Image search engine scraper/downloader
May 16, 2006 10:08 PM   Subscribe

I need a web scraper script/proggie to download and thumbnailize images for a long list of search terms.

.

Input: Long list of search terms.

Output: corresponding images and thumbnails on my hard drive, arranged/accessed/organized by search term.

My already feeble google-fough (<-- note ignorance of even the spelling) is failing me.
posted by Moistener to Computers & Internet (6 answers total)
 
What operating system are you running?
posted by secret about box at 11:05 PM on May 16, 2006


Pretty trivial programming task, in a number of languages. But as Mikey says, we need to know where we're starting from.

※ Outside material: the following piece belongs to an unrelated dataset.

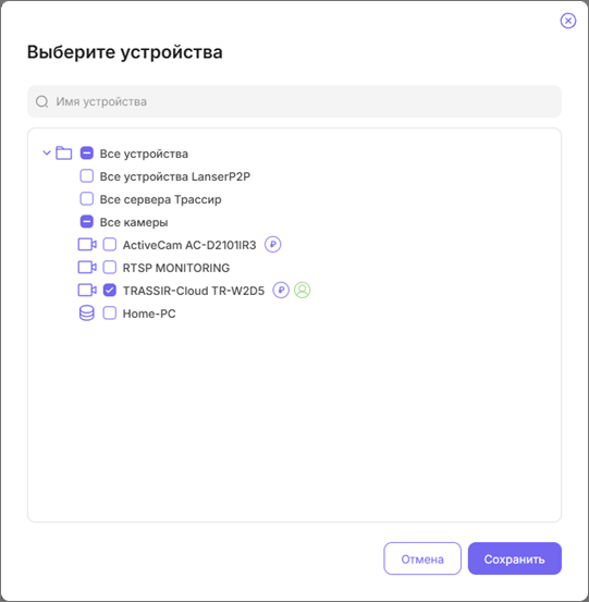 Для получения сообщений о наличии человека в кадре, камера должна поддерживать аппаратную детекцию человека (список камер вы найдете на нашем сайте). В окне добавления устройств такие камеры отмечены иконкой

And it's worth noting that you're not allowed to do this (run scripts on Google), or rather, you're not allowed to do it without signing up to Google's Developer program and getting a special key, and agreeing not to make more than a certain number of searches in a 24 hour period.

That's for the regular Google anyway, and I suppose it applies to Images as well.

I don't know what happens if you get caught cheating though.
posted by AmbroseChapel at 3:34 AM on May 17, 2006


Actually, I don't know that Google has an approved API for image searching. The venerable "Google API" only applies to standard web searches, and while they have an API for Maps and XML feeds for News and Groups, I think that for Images, Froogle, and various other features, scraping would be your only option.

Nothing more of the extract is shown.